> _Raw data_
Content starts

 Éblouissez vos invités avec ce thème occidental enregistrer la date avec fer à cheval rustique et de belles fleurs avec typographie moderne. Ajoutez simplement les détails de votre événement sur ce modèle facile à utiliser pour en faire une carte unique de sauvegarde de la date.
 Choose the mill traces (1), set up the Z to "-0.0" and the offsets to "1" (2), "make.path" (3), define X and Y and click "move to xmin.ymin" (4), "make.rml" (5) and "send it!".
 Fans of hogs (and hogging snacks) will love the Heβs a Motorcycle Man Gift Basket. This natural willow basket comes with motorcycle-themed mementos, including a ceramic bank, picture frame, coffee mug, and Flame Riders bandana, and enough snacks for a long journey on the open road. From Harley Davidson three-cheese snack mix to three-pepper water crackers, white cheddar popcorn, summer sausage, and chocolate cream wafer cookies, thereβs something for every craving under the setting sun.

Content ends
Content starts

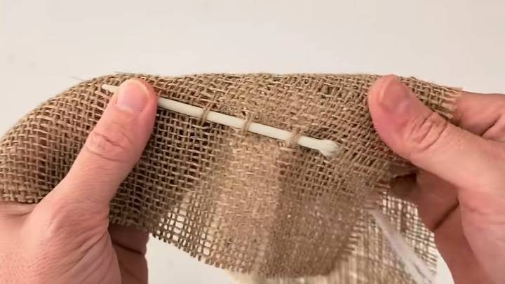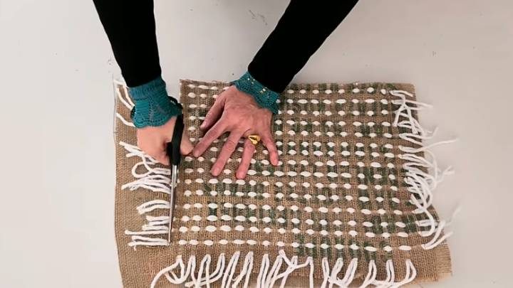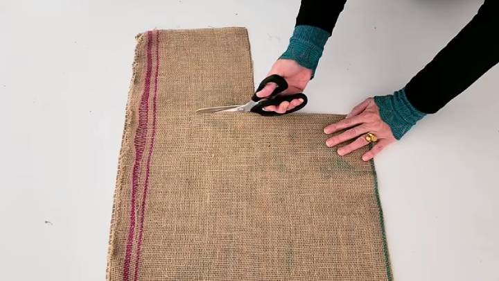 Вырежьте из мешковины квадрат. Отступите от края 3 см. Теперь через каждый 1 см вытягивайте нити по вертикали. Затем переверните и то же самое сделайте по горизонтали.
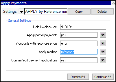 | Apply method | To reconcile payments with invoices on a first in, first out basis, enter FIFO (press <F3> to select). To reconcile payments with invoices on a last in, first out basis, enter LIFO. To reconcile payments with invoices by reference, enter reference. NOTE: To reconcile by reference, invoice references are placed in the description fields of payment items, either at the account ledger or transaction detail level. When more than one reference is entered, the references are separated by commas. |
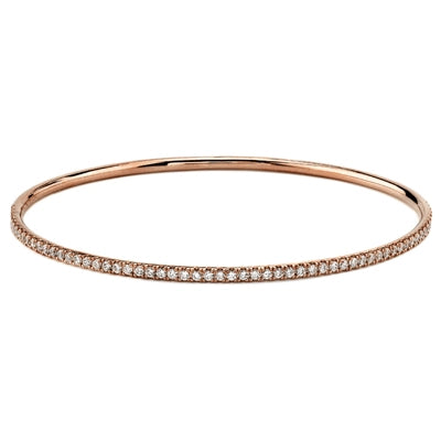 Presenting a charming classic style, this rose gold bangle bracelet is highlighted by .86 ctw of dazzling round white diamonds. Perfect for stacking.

Content ends

> _Requirement_
Everything above from the line that has "Вырежьте из мешковины" down to the line that has "Presenting a charming" should be output exactly, with both of those lines included. Leave the pictures behind.

> _Exercise answer_
 Вырежьте из мешковины квадрат. Отступите от края 3 см. Теперь через каждый 1 см вытягивайте нити по вертикали. Затем переверните и то же самое сделайте по горизонтали.
 | Apply method | To reconcile payments with invoices on a first in, first out basis, enter FIFO (press <F3> to select). To reconcile payments with invoices on a last in, first out basis, enter LIFO. To reconcile payments with invoices by reference, enter reference. NOTE: To reconcile by reference, invoice references are placed in the description fields of payment items, either at the account ledger or transaction detail level. When more than one reference is entered, the references are separated by commas. |
 Presenting a charming classic style, this rose gold bangle bracelet is highlighted by .86 ctw of dazzling round white diamonds. Perfect for stacking.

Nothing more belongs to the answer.